Would you transcribe the listing exactly as it stands, minus any images?

───── DATA BLOCK

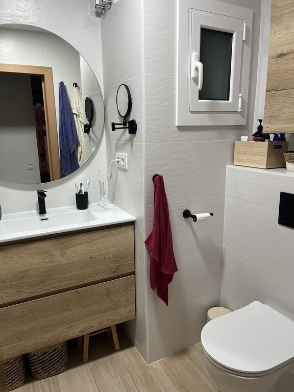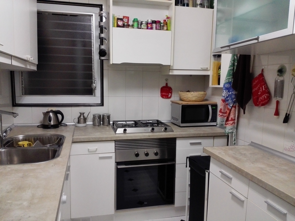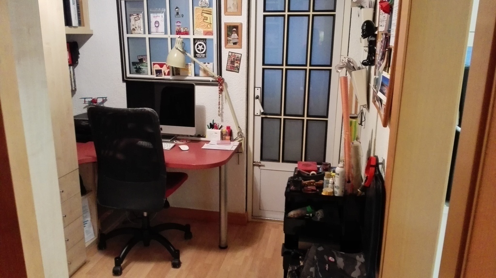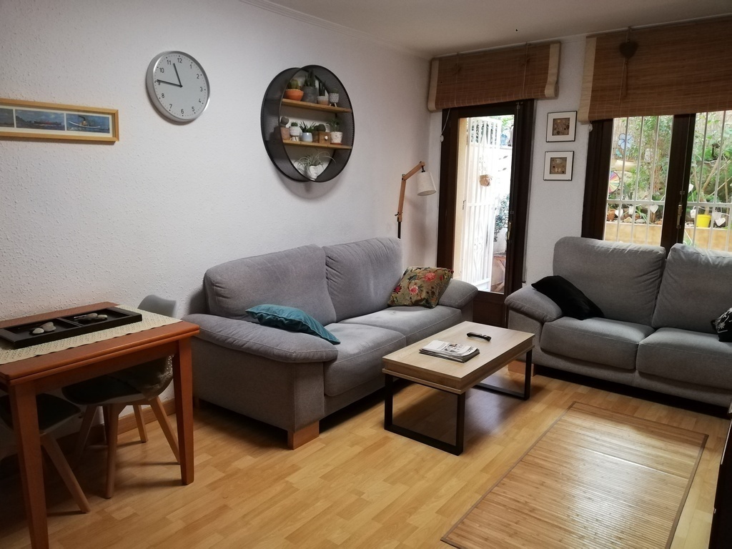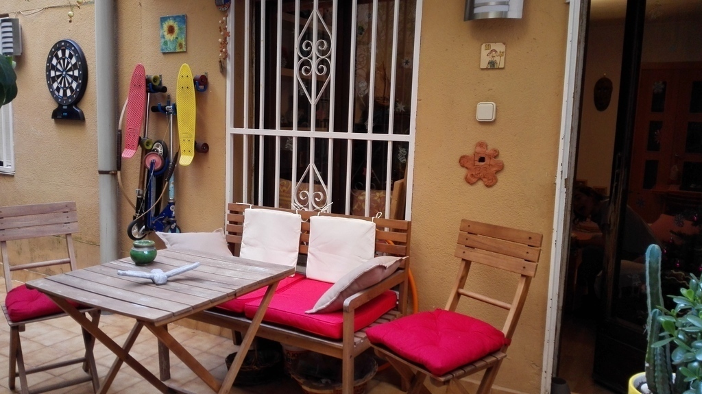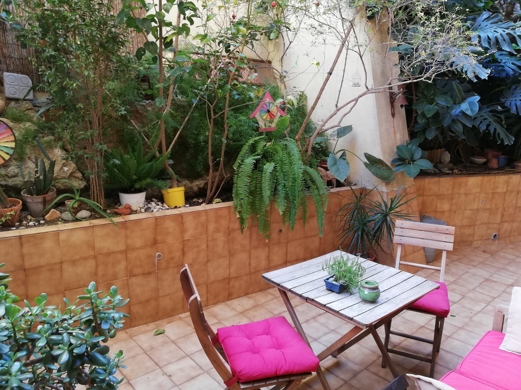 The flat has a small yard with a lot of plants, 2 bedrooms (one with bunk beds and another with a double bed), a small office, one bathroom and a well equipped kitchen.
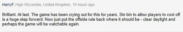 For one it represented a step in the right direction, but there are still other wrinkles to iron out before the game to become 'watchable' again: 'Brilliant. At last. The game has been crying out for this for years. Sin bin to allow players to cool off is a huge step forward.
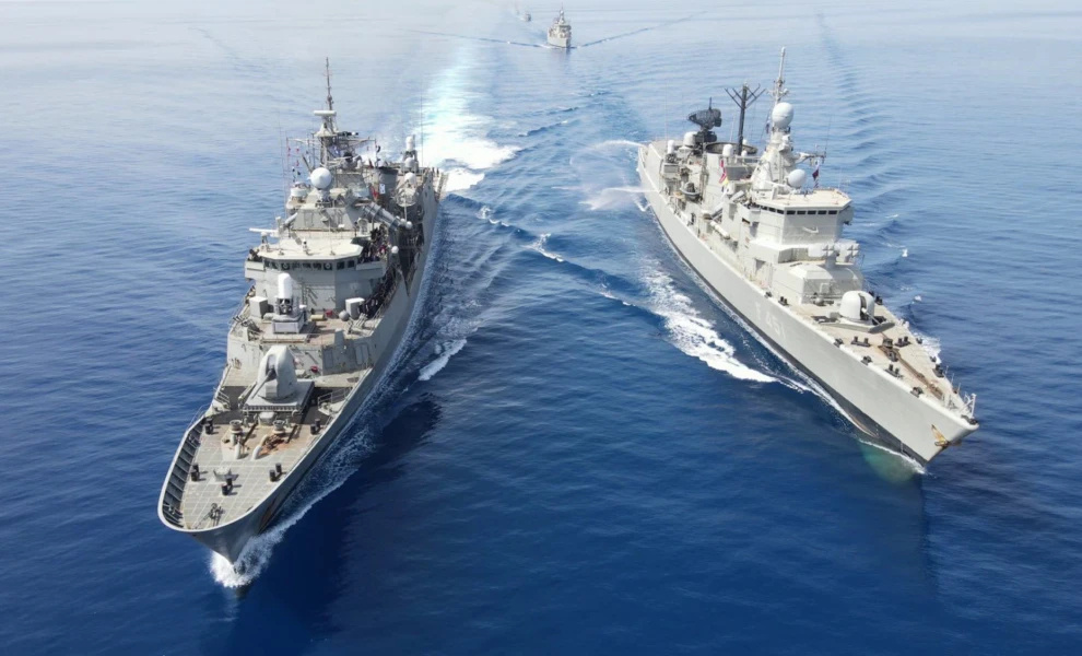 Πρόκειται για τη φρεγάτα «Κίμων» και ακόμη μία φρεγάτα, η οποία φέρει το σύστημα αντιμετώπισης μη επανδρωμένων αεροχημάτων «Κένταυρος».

──────────

== SOLUTION BELOW ==
 The flat has a small yard with a lot of plants, 2 bedrooms (one with bunk beds and another with a double bed), a small office, one bathroom and a well equipped kitchen.
 For one it represented a step in the right direction, but there are still other wrinkles to iron out before the game to become 'watchable' again: 'Brilliant. At last. The game has been crying out for this for years. Sin bin to allow players to cool off is a huge step forward.
 Πρόκειται για τη φρεγάτα «Κίμων» και ακόμη μία φρεγάτα, η οποία φέρει το σύστημα αντιμετώπισης μη επανδρωμένων αεροχημάτων «Κένταυρος».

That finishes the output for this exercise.